The SuperBIT, a marvel of scientific engineering, embarked on its journey suspended under a helium-filled balloon as large as a sports stadium, soaring above the Earth’s atmosphere. The mission, however, faced a setback when the balloon-based telescope was damaged upon landing after completing 5.5 orbits around the globe.
Despite this, the mission’s key findings were not lost. Thanks to the University of Sydney’s innovative Data Recovery System, over 200 gigabytes of invaluable data, including a map of dark matter and spectacular space photos, were safely retrieved. Dark matter, an elusive substance with a mass six times greater than regular matter in the universe, remains one of the most intriguing subjects in astrophysics.
Dr. Ellen Sirks, from the University of Sydney’s School of Physics, spearheaded the study published in the journal Aerospace. The paper not only provides blueprints for the Data Recovery System but also narrates the mission’s journey, highlighting how, at a modest cost, essential scientific data can be secured even in worst-case scenarios.
“Our telescope got to the point where it was completely destroyed, and we lost high bandwidth communications, so not only did the Data Recovery System work; it was really quite essential to the mission’s success,” Dr Sirks says in a statement.
The recovery system, a product of five years of development, includes small computers with SD cards for data storage, a homemade satellite link akin to a “find my phone” feature, and parachutes, all encased in foam and protected by everyday materials like chicken roasting bags for waterproofing.
“This drop package is something we’ve been developing for about five years, but only now have we been able to test it in its final configuration,” says Sirks. “It’s got to the point where NASA wants to start producing these packages for other science missions as well, so this was really our final test to show that this system works.”
Retrieving the data packages was a mission in itself, involving the assistance of local police in Argentina’s rugged countryside. One package, humorously threatened by the presence of cougars, attracted attention due to its unconventional chicken roast bag casing.

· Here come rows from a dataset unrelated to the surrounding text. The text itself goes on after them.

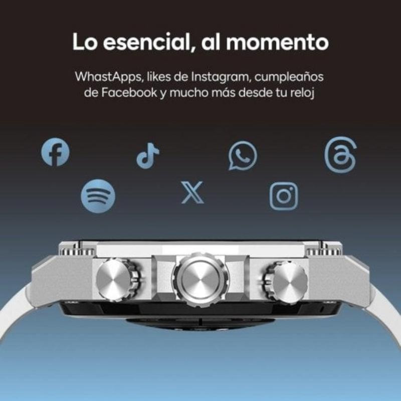 Su impresionante pantalla multitáctil AMOLED de 1.43 pulgadas, con una resolución de 466 x 466 píxeles, garantiza una visualización extraordinariamente nítida y colores vibrantes en cualquier condición de luz, desde interiores hasta exteriores. La durabilidad está asegurada gracias a su robusta caja de aleación de zinc y el cristal reforzado Asahi Glass. Además, el Ksix Titanium se adapta a cualquier ocasión, incluyendo dos correas universales de 22 mm: una de silicona deportiva en negro y otra elegante de acero inoxidable plateado.
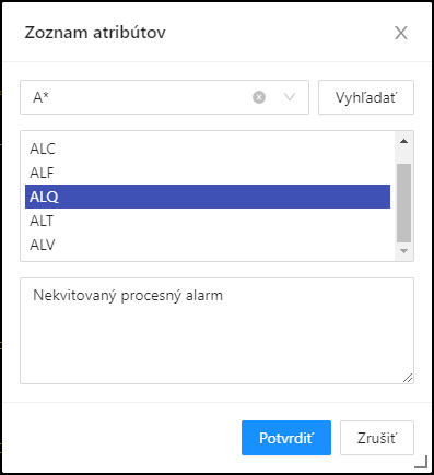 Po výbere atribútu zo zoznamu a stlačení tlačidla Potvrdiť sa atribút vloží na aktuálnu pozíciu kurzora.
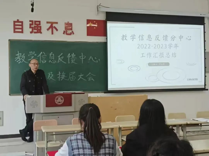 首先,由上届交通运输学院教学信息反馈分中心副主任罗家纬对2022-2023学年的工作进行总结,其指出交通运输学院交通运输专业(本科统招)18人,交通运输专业(专升本)18人,共计36人参加信息反馈工作。本学年继续使用电子版问卷和纸质版报。其次,将在教学条件方面、学生学习方面、教师教学方面反映的数据展示出来,并提出具体的解决方案。最后,他提出下步工作方向。
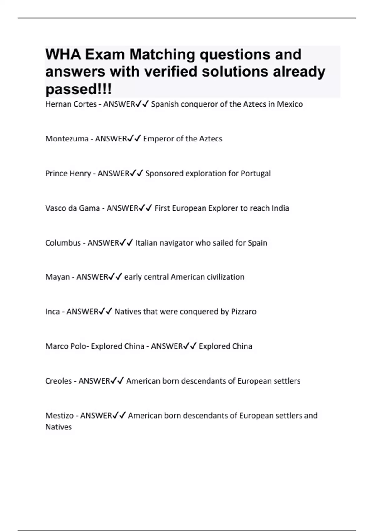 WHA Exam Matching questions and answers with verified solutions already passed!!!

“There were cougar tracks in the snow near it, so we thought maybe the chicken roast bag was not the best idea,” admits Dr. Sirks. “It was quite funny. But we did retrieve them quite easily.”
Typically, balloon-based missions like NASA’s rely on satellite data downloads, which necessitate line-of-sight communication for efficiency. Dr. Sirks points to the challenges in retrieving large volumes of data mid-flight, making their ground-recovery approach both novel and practical.
This success story not only underscores the resilience and ingenuity of the scientific community but also highlights the cost-effectiveness of balloon-based observations, offering space telescope quality data at a fraction of the cost. The triumph of the SuperBIT mission and its recovery system opens new avenues in space exploration and data retrieval, proving that sometimes the most unconventional methods yield the most remarkable results.
“When you’re dropping something from the sky, in our case from 33 kilometers, there’s always a chance that something goes wrong, so recovery packages are quite essential to keep your data safe,” adds Sirks.